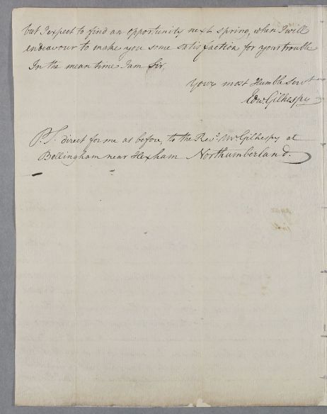 P.S. direct for me as before, to the Revd. Mr. Gilhespy at
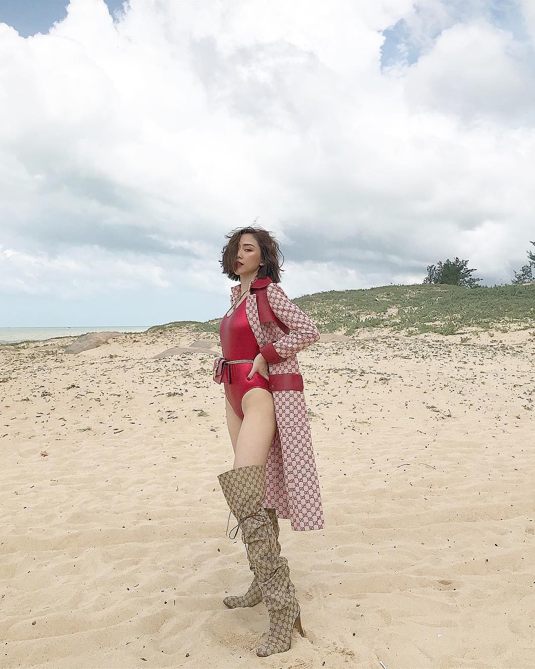 Với gu ăn mặc tài tình, Tóc Tiên khiến khán giả mắt chữ A, miệng chữ O khi đăng tải tấm ảnh khoe street style cá tính. Đặc biệt, thoạt nhìn vào, không ít khán giả cho rằng cô nàng đang diện áo tắm, đứng tạo dáng giữa sa mạc mênh mông.
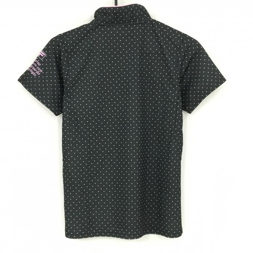 【超美品】フィラ 半袖ハイネックシャツ 黒×白 ドット パイピングライン ハーフジップ ロゴ刺しゅう レディース M ゴルフウェア FILA GOLF
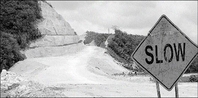 This sign to tell drivers to take caution, as construction is in progress on the Mount Rosser leg of Highway 2000, also points, , to hold-ups in the completion of the work.
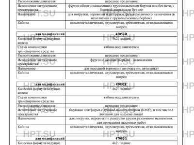 | Исполнение загрузочного пространства | фургон общего назначения с грузоподъемным бортом или без него, с боковой дверью или без нее фургон с окнами/дверьми - автомагазин бортовая платформа с краном-манипулятором (КМУ), в том числе с люлькой для подъема людей специальная платформа для транспортировки автомобилей с краномманипулятором (КМУ) или без него автогидроподъемник (АГП) фургон с окнами/дверьми для перевозки животных или фургон/модуль с дверьми, с окнами или без них, с платформой (в том числе с тентом или без него, с откидными боковыми и задним бортами, с высоким передним бортом, или кузов с тентом и задними распашными воротами) и размещенным на ней оборудованием для перевозки живой рыбы фургон с окнами/дверьми для временного проживания (автодом) самосвальная платформа с крано-манипуляторной установкой (КМУ) или без нее автомобиль со специальной платформой для установки сменных кузовов с крюковым устройством, с краном-манипулятором или без него фургон с окнами/дверьми медицинской службы, медицинский комплекс фургон изотермический или рефрижератор, с грузоподъемным бортом и (или) ХОУ (холодильно-отопительной установкой) или без таковых, с боковой дверью или без нее фургон для перевозки хлебобулочных или кондитерских изделий с задней и (или) боковыми дверьми, с холодильно-отопительной установкой (ХОУ) или без нее фургон с окнами/дверьми - автомастерская, автолаборатория с отсеком для размещения до 6-ти сидений, используемых исключительно во время стоянки, или без них, с перегородкой грузового отсека или без нее, с грузоподъемным бортом или без него фургон с окнами/дверьми - автомастерская, автолаборатория, с отсеком для размещения до 6-ти сидений, используемых исключительно во время стоянки, или без них, с перегородкой грузового отсека или без нее, с платформой и (или) с краноманипуляторной установкой (КМУ) или без таковых бортовая платформа с каркасом и тентом или без него, с откидными боковыми и задним бортами, с высоким передним бортом, или кузов с тентом и задними распашными воротами, с грузоподъемным бортом или без него |
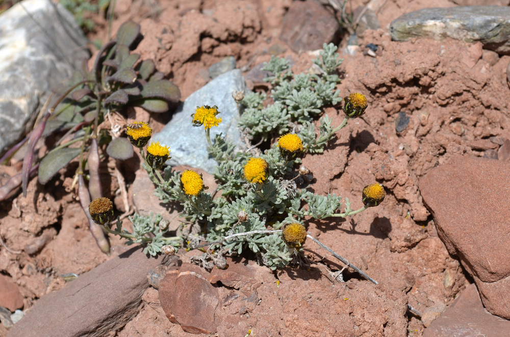 Цветущее растение в щебнисто-глинистом субстрате среди камней. Киргизия, Ошская обл, Заалайский хр., дорога на пер. Кызыл-Арт, около 4000 м н.у.м. 21 августа 2015 г.
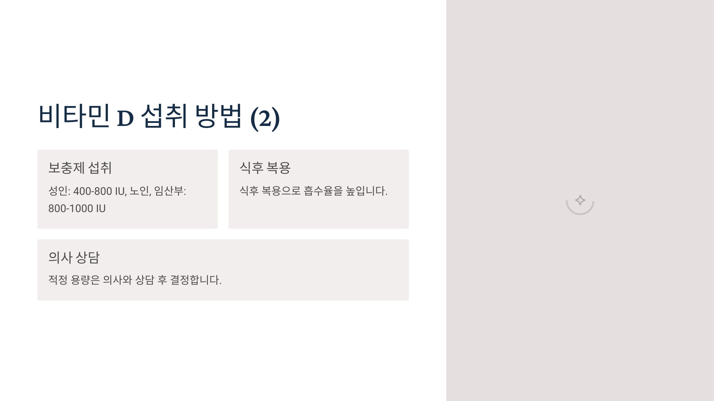 Q3. 비타민 D 보충제는 언제 먹는 게 좋나요?
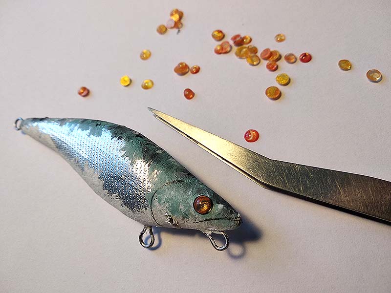 Soha nem használtam airbrusht. Nem tudok betelni a száraz ecset által felhordott színek keveredésével, az ecsetszálak szabálytalanságából adódó apró mintákkal. Ennél a színnél – filé – elsőként fehérrel kezdek a hasi oldalon, a háti részt pedig gyöngyházkékkel, illetve ehhez kevert fekete és fehér festékkel alakítom ki. Az akrilfesték gyorsan köt, így nemsokára már ragaszthatom is az előzőleg elkészített szemeket. Nem szeretem a gyári műszemeket. Igaz, hogy időigényes kissé sajátot gyártani, de a végeredmény kárpótol. Az UV fényre keményedő, műkörmös műgyantából cseppeket nyomok egy műanyaglapra, majd kikeményedés után lepattintom a hordozóról, és a szemek alját akrilfestékkel festem, egyenként. A pupilla – amit egy tű hegyével alakítok ki – csak a szem felragasztása után kerül a helyére, nehogy összefogdossam a fényes fekete pöttyöt. Egy csepp kétkomponensű műgyantával ragasztom fel a kész szemeket a fahal fejére, elkerülendő a később alá beszoruló buborékokat. Ezután jön pár ceruzával rajzolt, stilizált vonal száj, kopoltyúív és mellúszó gyanánt, valamint a kis logó-matrica felragasztása a hasi oldalra.
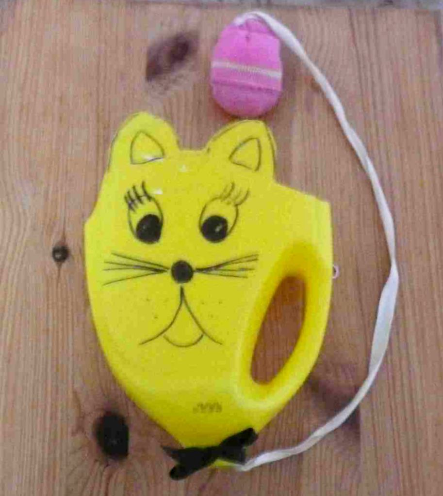 Na plastovou láhev nakreslete hlavu kočičky a vyřízněte. Dno nádoby musíte kompletně odřezat. Do dětské ponožky cca do poloviny nasypte krupky nebo rýži, čočku apod., zavažte nití, druhou polovinu ponožky přetáhněte ke špici a znovu zašijte. Vznikne míček v dvojitém ponožkovém obalu. Na míček přišijte provázek. Druhý konec provázku protáhněte dutým držadlem a zavažte. Chyťte láhev za držadlo a bez pomoci druhé ruky dostaňte míček do kočičky.
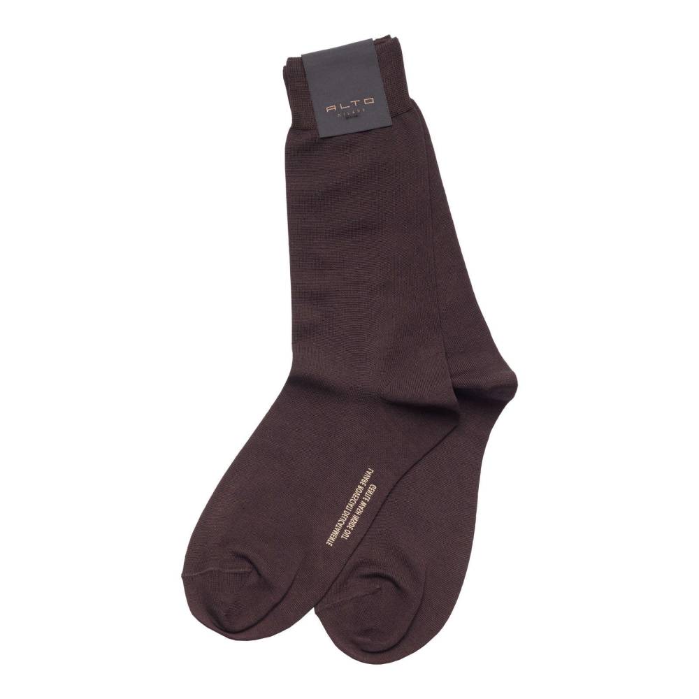 Гладкие повседневные носки Alto Milano сдержанного тёмно-коричневого цвета. Модель выполнена из приятной на ощупь хлопковой ткани с добавлением полиамида. Носки отличаются высокой прочностью и износостойкостью: они прекрасно сохраняют форму и выдерживают множество стирок.
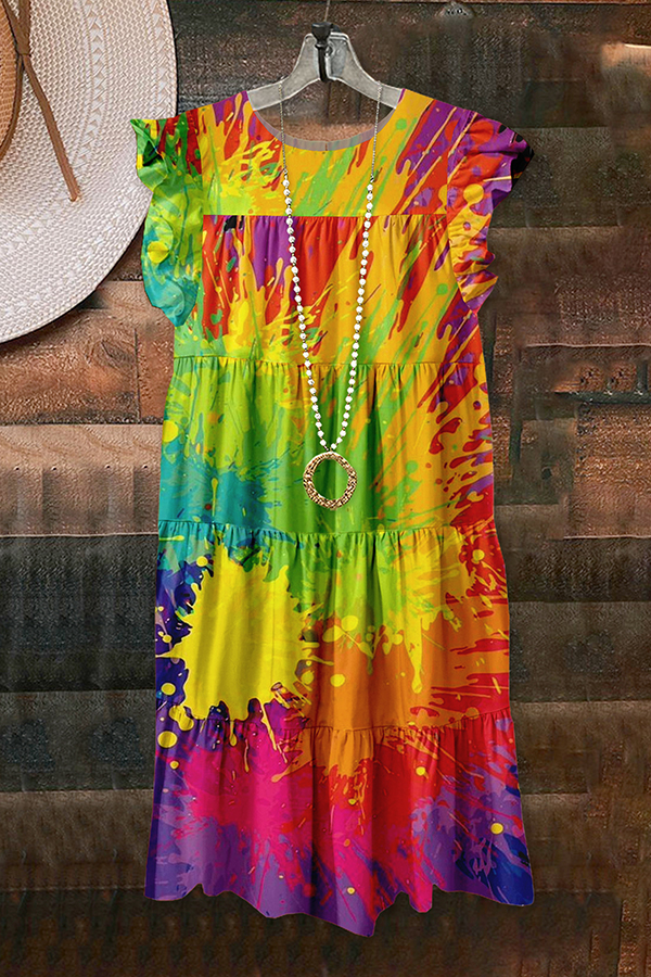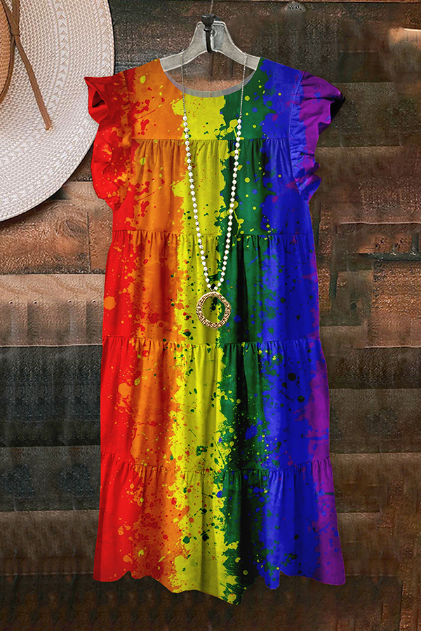 Pretty LGBTQ Rainbow Stripe Print Ruffle Dress
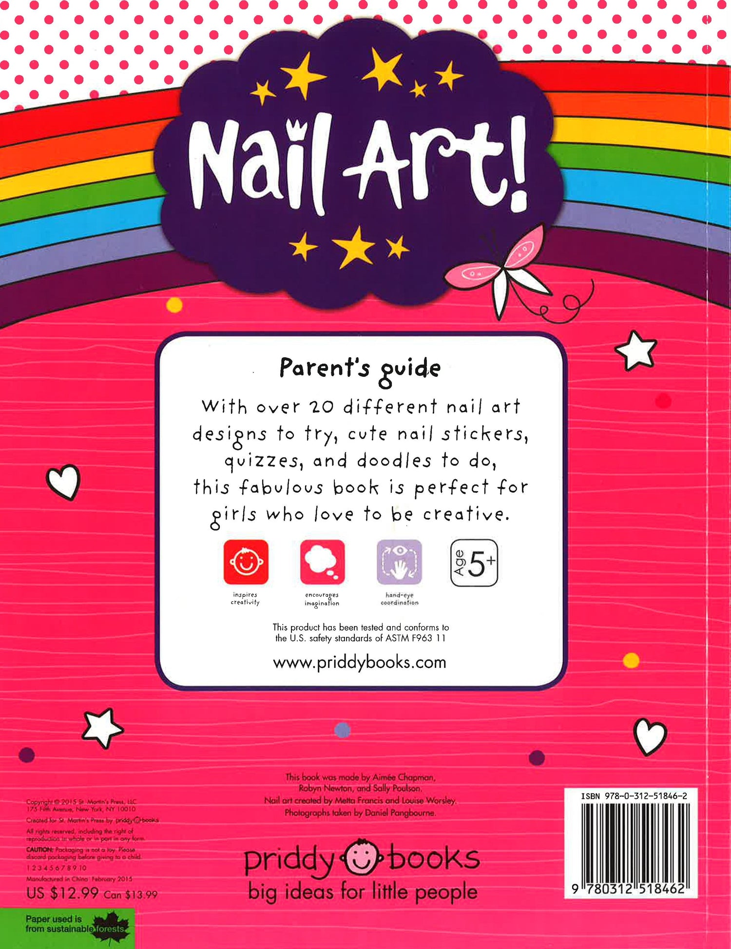 Creative kids will love to transform their nails into fabulous works of art with this fantastic activity book. There are clear and easy-to-follow step-by-step instructions on how to create 25 different nail designs, plus 1020 special nail stickers to use to create super-funky nail designs. As well as nail decorating, there are quizzes to take, cool coloring and doodling to do, as well as pages of stickers to have fun with.
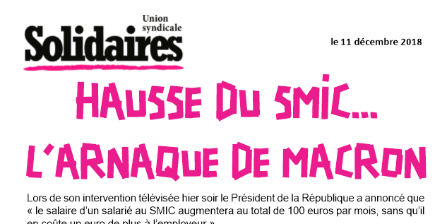 Le SMIC en tant que tel ne bénéficiera d’aucun « coup de pouce » - il sera uniquement revalorisé du montant de la hausse légale automatique déjà prévue (1,8%, soit 20€ environ) - et c’est un resserrement du calendrier de hausse de la prime d'activité (mesure déjà prévue avant les mobilisations actuelles) qui permettra d’atteindre le montant de 100€ annoncé. La prime d'activité est une prestation sociale financée par tous les contribuables (coût zéro pour les entreprises) et elle ne sera revalorisée que de 0,3% en 2019 et 2020...
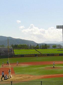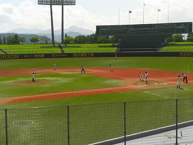 本日、北信越高校野球長野県予選の北信大会で、本校と北部、軽井沢の連合チームは、オリンピックスタジアムで、須坂創成高校と対戦し、延長10回5対4でサヨナラ勝ちしました。
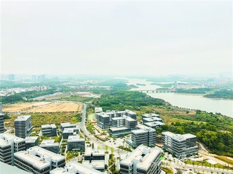从高处俯瞰东莞松山湖,一个个园区鳞次栉比,花草树木环绕四周,碧玉带般的江水染绿了两岸大地,整块区域“绿油油”一片。

* _What is required_:
Quote each record exactly as it stands, minus the pictures.

* _Task answer_:
 P.S. direct for me as before, to the Revd. Mr. Gilhespy at
 Với gu ăn mặc tài tình, Tóc Tiên khiến khán giả mắt chữ A, miệng chữ O khi đăng tải tấm ảnh khoe street style cá tính. Đặc biệt, thoạt nhìn vào, không ít khán giả cho rằng cô nàng đang diện áo tắm, đứng tạo dáng giữa sa mạc mênh mông.
 【超美品】フィラ 半袖ハイネックシャツ 黒×白 ドット パイピングライン ハーフジップ ロゴ刺しゅう レディース M ゴルフウェア FILA GOLF
 This sign to tell drivers to take caution, as construction is in progress on the Mount Rosser leg of Highway 2000, also points, , to hold-ups in the completion of the work.
 | Исполнение загрузочного пространства | фургон общего назначения с грузоподъемным бортом или без него, с боковой дверью или без нее фургон с окнами/дверьми - автомагазин бортовая платформа с краном-манипулятором (КМУ), в том числе с люлькой для подъема людей специальная платформа для транспортировки автомобилей с краномманипулятором (КМУ) или без него автогидроподъемник (АГП) фургон с окнами/дверьми для перевозки животных или фургон/модуль с дверьми, с окнами или без них, с платформой (в том числе с тентом или без него, с откидными боковыми и задним бортами, с высоким передним бортом, или кузов с тентом и задними распашными воротами) и размещенным на ней оборудованием для перевозки живой рыбы фургон с окнами/дверьми для временного проживания (автодом) самосвальная платформа с крано-манипуляторной установкой (КМУ) или без нее автомобиль со специальной платформой для установки сменных кузовов с крюковым устройством, с краном-манипулятором или без него фургон с окнами/дверьми медицинской службы, медицинский комплекс фургон изотермический или рефрижератор, с грузоподъемным бортом и (или) ХОУ (холодильно-отопительной установкой) или без таковых, с боковой дверью или без нее фургон для перевозки хлебобулочных или кондитерских изделий с задней и (или) боковыми дверьми, с холодильно-отопительной установкой (ХОУ) или без нее фургон с окнами/дверьми - автомастерская, автолаборатория с отсеком для размещения до 6-ти сидений, используемых исключительно во время стоянки, или без них, с перегородкой грузового отсека или без нее, с грузоподъемным бортом или без него фургон с окнами/дверьми - автомастерская, автолаборатория, с отсеком для размещения до 6-ти сидений, используемых исключительно во время стоянки, или без них, с перегородкой грузового отсека или без нее, с платформой и (или) с краноманипуляторной установкой (КМУ) или без таковых бортовая платформа с каркасом и тентом или без него, с откидными боковыми и задним бортами, с высоким передним бортом, или кузов с тентом и задними распашными воротами, с грузоподъемным бортом или без него |
 Цветущее растение в щебнисто-глинистом субстрате среди камней. Киргизия, Ошская обл, Заалайский хр., дорога на пер. Кызыл-Арт, около 4000 м н.у.м. 21 августа 2015 г.
 Q3. 비타민 D 보충제는 언제 먹는 게 좋나요?
 Soha nem használtam airbrusht. Nem tudok betelni a száraz ecset által felhordott színek keveredésével, az ecsetszálak szabálytalanságából adódó apró mintákkal. Ennél a színnél – filé – elsőként fehérrel kezdek a hasi oldalon, a háti részt pedig gyöngyházkékkel, illetve ehhez kevert fekete és fehér festékkel alakítom ki. Az akrilfesték gyorsan köt, így nemsokára már ragaszthatom is az előzőleg elkészített szemeket. Nem szeretem a gyári műszemeket. Igaz, hogy időigényes kissé sajátot gyártani, de a végeredmény kárpótol. Az UV fényre keményedő, műkörmös műgyantából cseppeket nyomok egy műanyaglapra, majd kikeményedés után lepattintom a hordozóról, és a szemek alját akrilfestékkel festem, egyenként. A pupilla – amit egy tű hegyével alakítok ki – csak a szem felragasztása után kerül a helyére, nehogy összefogdossam a fényes fekete pöttyöt. Egy csepp kétkomponensű műgyantával ragasztom fel a kész szemeket a fahal fejére, elkerülendő a később alá beszoruló buborékokat. Ezután jön pár ceruzával rajzolt, stilizált vonal száj, kopoltyúív és mellúszó gyanánt, valamint a kis logó-matrica felragasztása a hasi oldalra.
 Na plastovou láhev nakreslete hlavu kočičky a vyřízněte. Dno nádoby musíte kompletně odřezat. Do dětské ponožky cca do poloviny nasypte krupky nebo rýži, čočku apod., zavažte nití, druhou polovinu ponožky přetáhněte ke špici a znovu zašijte. Vznikne míček v dvojitém ponožkovém obalu. Na míček přišijte provázek. Druhý konec provázku protáhněte dutým držadlem a zavažte. Chyťte láhev za držadlo a bez pomoci druhé ruky dostaňte míček do kočičky.
 Гладкие повседневные носки Alto Milano сдержанного тёмно-коричневого цвета. Модель выполнена из приятной на ощупь хлопковой ткани с добавлением полиамида. Носки отличаются высокой прочностью и износостойкостью: они прекрасно сохраняют форму и выдерживают множество стирок.
 Pretty LGBTQ Rainbow Stripe Print Ruffle Dress
 Creative kids will love to transform their nails into fabulous works of art with this fantastic activity book. There are clear and easy-to-follow step-by-step instructions on how to create 25 different nail designs, plus 1020 special nail stickers to use to create super-funky nail designs. As well as nail decorating, there are quizzes to take, cool coloring and doodling to do, as well as pages of stickers to have fun with.
 Le SMIC en tant que tel ne bénéficiera d’aucun « coup de pouce » - il sera uniquement revalorisé du montant de la hausse légale automatique déjà prévue (1,8%, soit 20€ environ) - et c’est un resserrement du calendrier de hausse de la prime d'activité (mesure déjà prévue avant les mobilisations actuelles) qui permettra d’atteindre le montant de 100€ annoncé. La prime d'activité est une prestation sociale financée par tous les contribuables (coût zéro pour les entreprises) et elle ne sera revalorisée que de 0,3% en 2019 et 2020...
 本日、北信越高校野球長野県予選の北信大会で、本校と北部、軽井沢の連合チームは、オリンピックスタジアムで、須坂創成高校と対戦し、延長10回5対4でサヨナラ勝ちしました。
从高处俯瞰东莞松山湖,一个个园区鳞次栉比,花草树木环绕四周,碧玉带般的江水染绿了两岸大地,整块区域“绿油油”一片。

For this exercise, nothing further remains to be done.